We first present the unified optimal hyperparameter scaling laws, termed Step Law, that generalizes across diverse model shapes, architectures, and data distributions.

Our findings demonstrate remarkable accuracy, with estimated values on test sets deviating by only 0.09% from the globally optimal LLM performance identified through exhaustive search.
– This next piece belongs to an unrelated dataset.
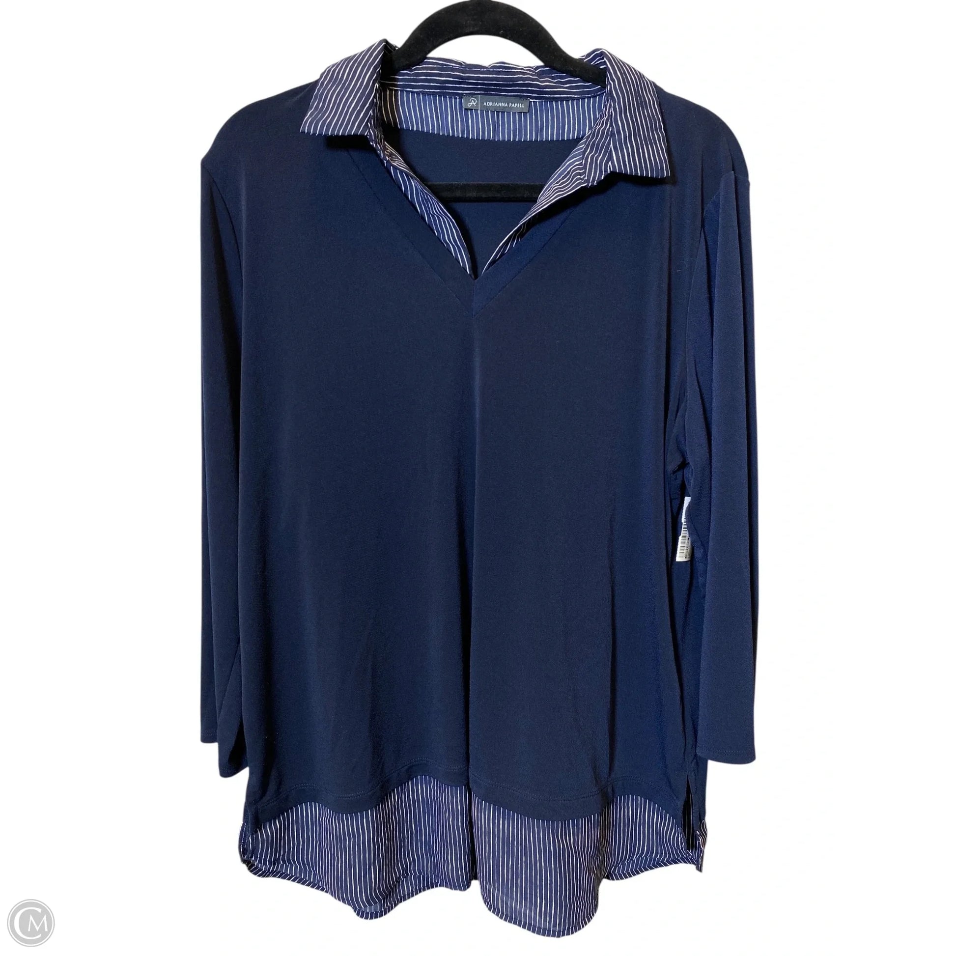 Top Long Sleeve By Adrianna Papell In Navy, Size: Xl

This research entails a significant computational investment, utilizing nearly one million NVIDIA H800 GPU hours to train 3,700 LLMs of varying sizes and hyperparameters from scratch, consuming approximately 100 trillion tokens in total. To support reproducibility and advance the field for LLM pre-training, we will progressively release all loss measurements and model checkpoints through our designated repository. The universal, plug-and-play optimal hyperparameter tool is provided for the community.

Step Law demonstrates that the optimal batch size $B(D)$ exhibits a primary dependence on dataset size $D$, while the optimal learning rate $\eta(N, D)$ manifests a joint dependence on both model parameters $N$ and dataset size $D$.

$$ \begin{aligned} \eta(N, D) & = 1.79N^{-0.713}D^{0.307} \\ B(D) & = 0.58D^{0.571} \end{aligned} $$

Loss Landscape Convexity

We discover and demonstrate the convexity property of the loss landscape under fixed parameter count and data size conditions. This provides fundamental insights into hyperparameter optimization.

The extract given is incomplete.